Peptide amphiphiles alleviate myocardial endoplasmic reticulum stress to enhance cardiomyocyte-macrophage communication and promote macrophage M2 polarization.

Myocardial ischemia-reperfusion (I/R) injury represents a significant clinical challenge with limited therapeutic options. Single-cell RNA sequencing and bioinformatics analyses have revealed complex cellular interactions within cardiac tissue, highlighting the crucial role of cardiomyocytes in intercellular communication. During I/R injury, cardiomyocytes experience severe endoplasmic reticulum (ER) stress, leading to detrimental intercellular communication that affects surrounding cells, particularly promoting the transformation of macrophages toward a pro-inflammatory phenotype. This amplifies the inflammatory cascade and exacerbates tissue damage. Targeting injured cardiomyocytes and inhibiting their ER stress presents a promising therapeutic strategy to restore beneficial intercellular communication and maintain myocardial homeostasis, thereby reducing I/R injury. However, the lack of an effective ER stress inhibitor specifically targeting damaged cardiomyocytes constitutes a major barrier to translating mechanistic understanding into therapeutic implementation.

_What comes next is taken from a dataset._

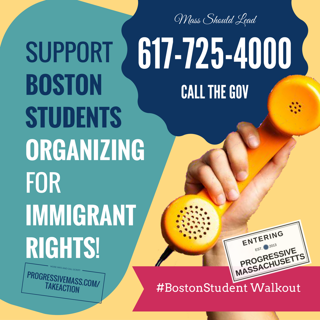 "I'm a Massachusetts voter calling in support of Boston students walking out today, and I call on you to act on their demands. We can make changes right here in Massachusetts: as our governor, please commit to make Massachusetts a TRUST Act/sanctuary state and commit to protecting and funding PUBLIC education."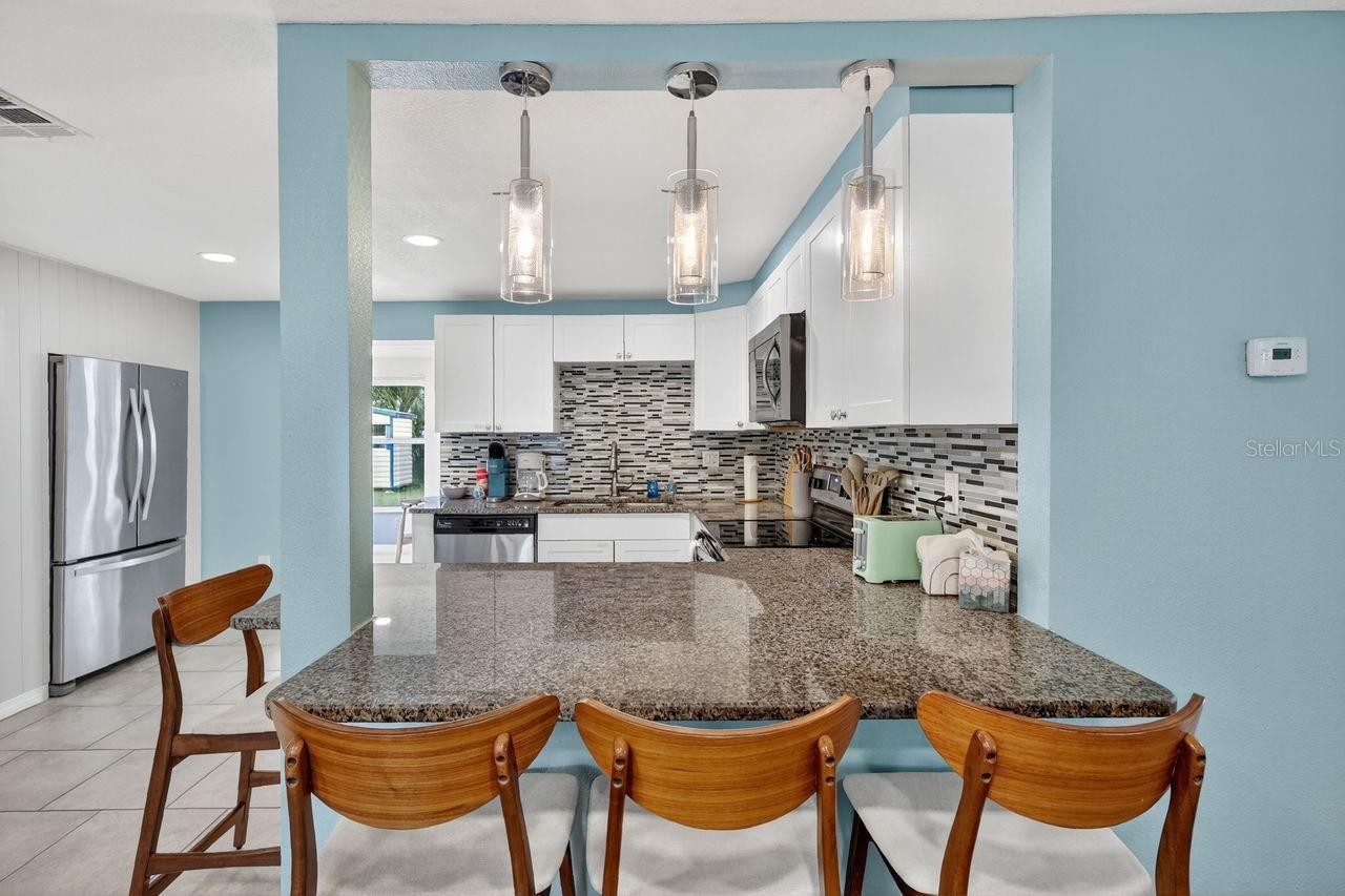 Coastal charm meets classic 1960s character in this beautifully refreshed 3-bedroom, 2-bath home nestled in the heart of Bayshore Gardens—just moments from Sarasota Bay and the Gulf beaches. Built to last, this solid block home blends mid-century craftsmanship with today’s modern comforts. Thoughtfully designed in a soft coastal palette, every space feels bright, open, and inviting. The split-bedroom layout offers privacy, while vaulted ceilings, stone counters, and updated lighting create a breezy, contemporary feel. A versatile game room just off the kitchen provides the perfect flex space for entertaining, a home office, or a creative studio. The home also features inside laundry with a stackable washer and dryer, no carpet throughout, and a converted garage that serves as a comfortable primary suite. Recent updates include fresh paint, turnkey furnishings, and a reimagined outdoor living area ideal for morning coffee or sunset gatherings. The spacious backyard offers plenty of room to add a pool, framed by mature landscaping and friendly neighbors in this well-established community. Residents of Bayshore Gardens enjoy optional access to a Jr. Olympic pool, private marina, boat ramp, and community beach—all within minutes of IMG Academy, SRQ Airport, and Anna Maria Island. No HOA, no CDD, and located in Flood Zone X, this home offers freedom, charm, and the easy Florida lifestyle so many dream about. Come see this charmer today!

Peptide amphiphiles (PA), with their unique amphiphilicity and bioactive functions, constitute ideal candidates for targeted drug delivery. In this study, we developed a cascade-responsive drug delivery system, CT-PA@Sal, which selectively targets damaged cardiomyocytes and controls the release of the ER stress inhibitor Salubrinal. CT-PA@Sal demonstrates superior targeting efficiency and enhanced drug bioavailability, enabling responsive release within injured cardiomyocytes. In vitro and in vivo experiments further show that CT-PA@Sal improves cardiomyocyte-macrophage communication, reduces cardiomyocyte apoptosis, and promotes anti-inflammatory M2 macrophage polarization. These effects preserve cardiac function and enhance tissue recovery following I/R injury. We envision that this investigation offers a prospective framework for developing targeted drugs to treat myocardial I/R injury.